> SOURCE MATERIAL
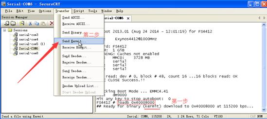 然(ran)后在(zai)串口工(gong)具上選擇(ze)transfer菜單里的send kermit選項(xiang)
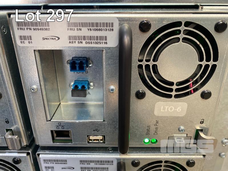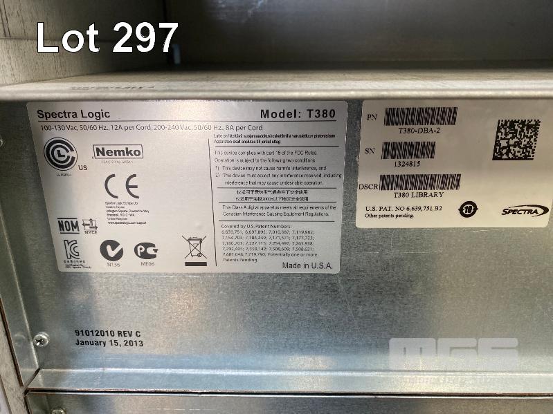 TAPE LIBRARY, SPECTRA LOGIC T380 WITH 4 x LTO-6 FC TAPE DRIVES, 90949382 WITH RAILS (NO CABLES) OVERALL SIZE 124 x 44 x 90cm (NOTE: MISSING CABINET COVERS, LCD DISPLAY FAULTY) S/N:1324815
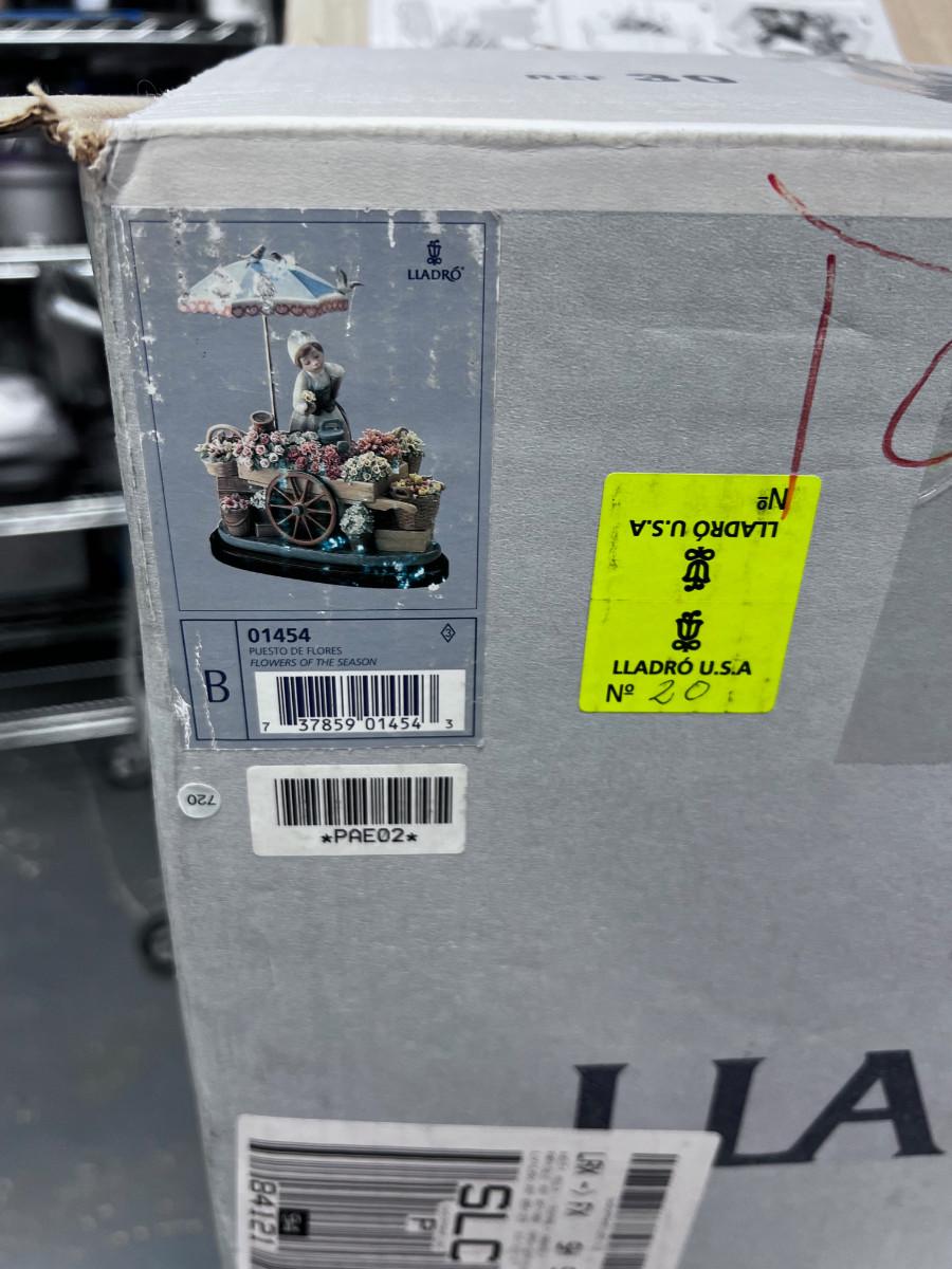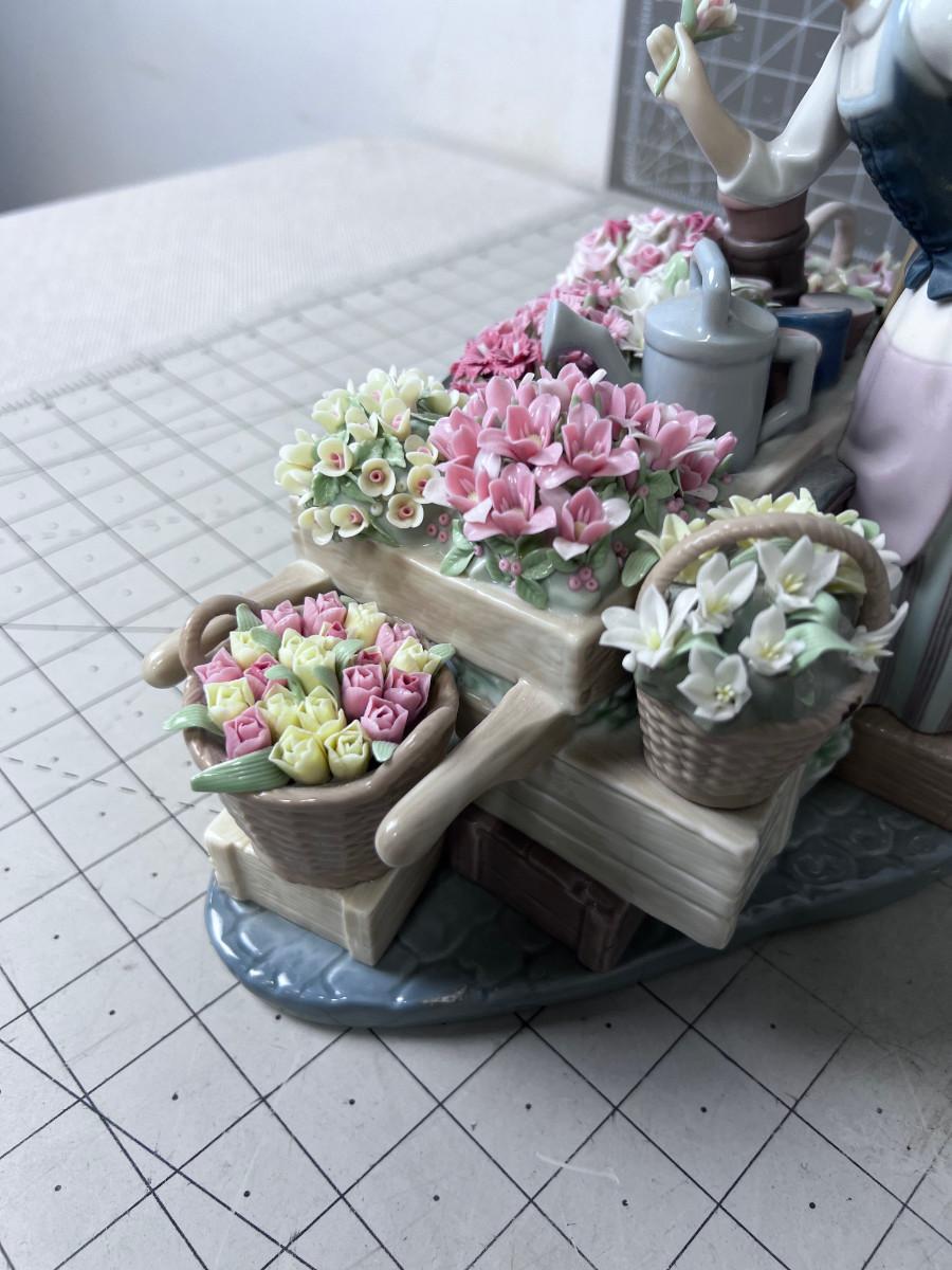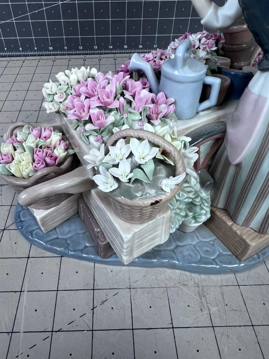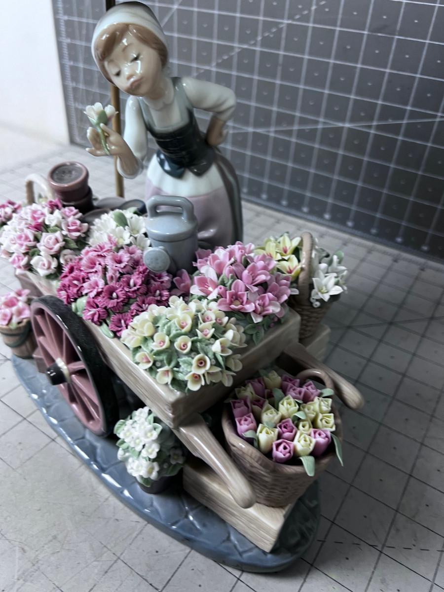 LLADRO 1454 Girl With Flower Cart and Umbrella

* * *

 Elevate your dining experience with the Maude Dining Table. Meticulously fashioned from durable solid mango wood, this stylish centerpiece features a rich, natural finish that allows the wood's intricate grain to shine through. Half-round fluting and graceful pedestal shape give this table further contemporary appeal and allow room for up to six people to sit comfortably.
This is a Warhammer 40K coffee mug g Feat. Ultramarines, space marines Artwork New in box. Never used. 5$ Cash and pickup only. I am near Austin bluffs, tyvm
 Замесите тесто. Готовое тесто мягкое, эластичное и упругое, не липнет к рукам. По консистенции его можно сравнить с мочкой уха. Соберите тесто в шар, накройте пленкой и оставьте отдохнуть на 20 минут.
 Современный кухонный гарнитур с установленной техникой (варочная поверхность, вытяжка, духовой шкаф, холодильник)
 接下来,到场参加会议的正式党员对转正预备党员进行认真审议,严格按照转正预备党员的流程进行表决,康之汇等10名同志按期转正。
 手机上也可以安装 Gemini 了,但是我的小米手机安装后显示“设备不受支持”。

> EXERCISE OBJECTIVE
The lines above from the one with "Замесите тесто. Готовое" through the one with "Современный кухонный гарнитур" are to be duplicated exactly, ends included, with nothing added.

> SOLUTION TO THE PROBLEM
 Замесите тесто. Готовое тесто мягкое, эластичное и упругое, не липнет к рукам. По консистенции его можно сравнить с мочкой уха. Соберите тесто в шар, накройте пленкой и оставьте отдохнуть на 20 минут.
 Современный кухонный гарнитур с установленной техникой (варочная поверхность, вытяжка, духовой шкаф, холодильник)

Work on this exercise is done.